## EXERCISE DIRECTIONS:
Apart from the pictures, print the data below exactly as given.

## STORED DATA:
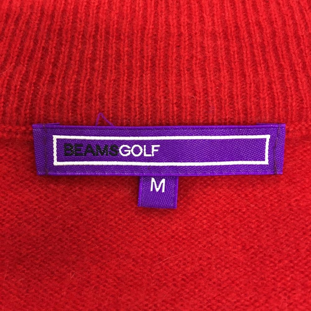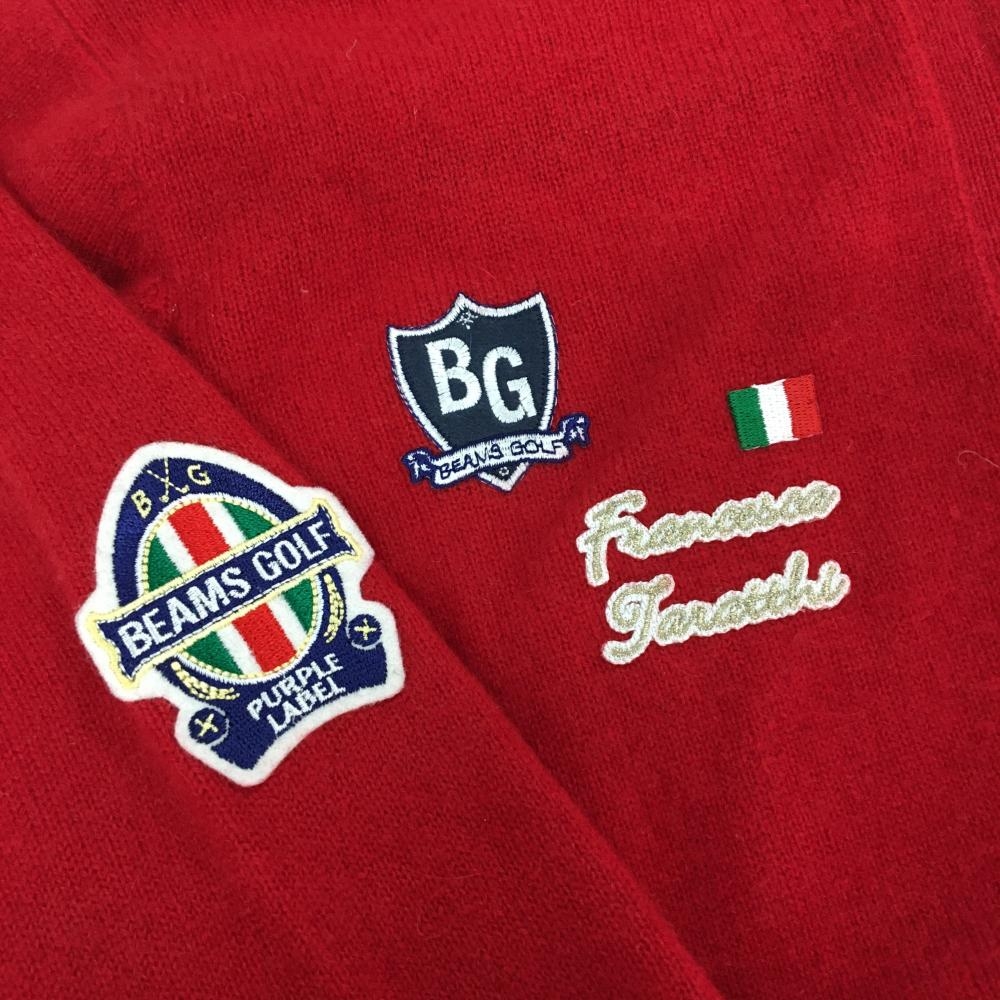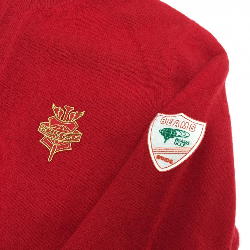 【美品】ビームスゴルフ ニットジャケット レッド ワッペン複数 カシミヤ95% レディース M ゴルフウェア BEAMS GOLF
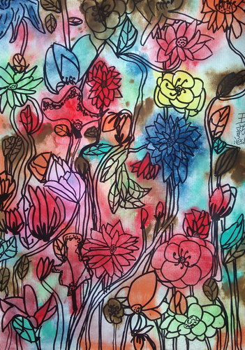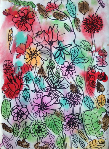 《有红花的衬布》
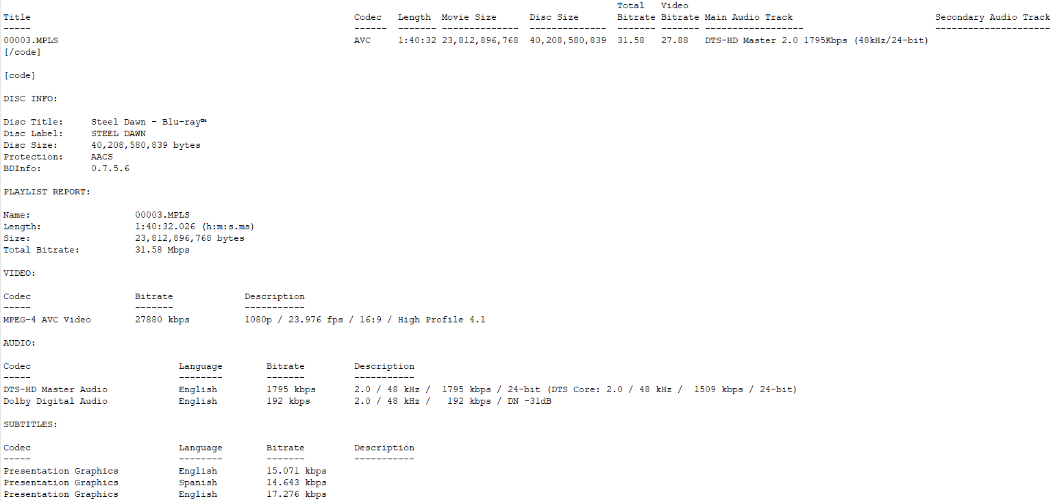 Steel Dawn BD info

## EXERCISE RESPONSE:
 【美品】ビームスゴルフ ニットジャケット レッド ワッペン複数 カシミヤ95% レディース M ゴルフウェア BEAMS GOLF
 《有红花的衬布》
 Steel Dawn BD info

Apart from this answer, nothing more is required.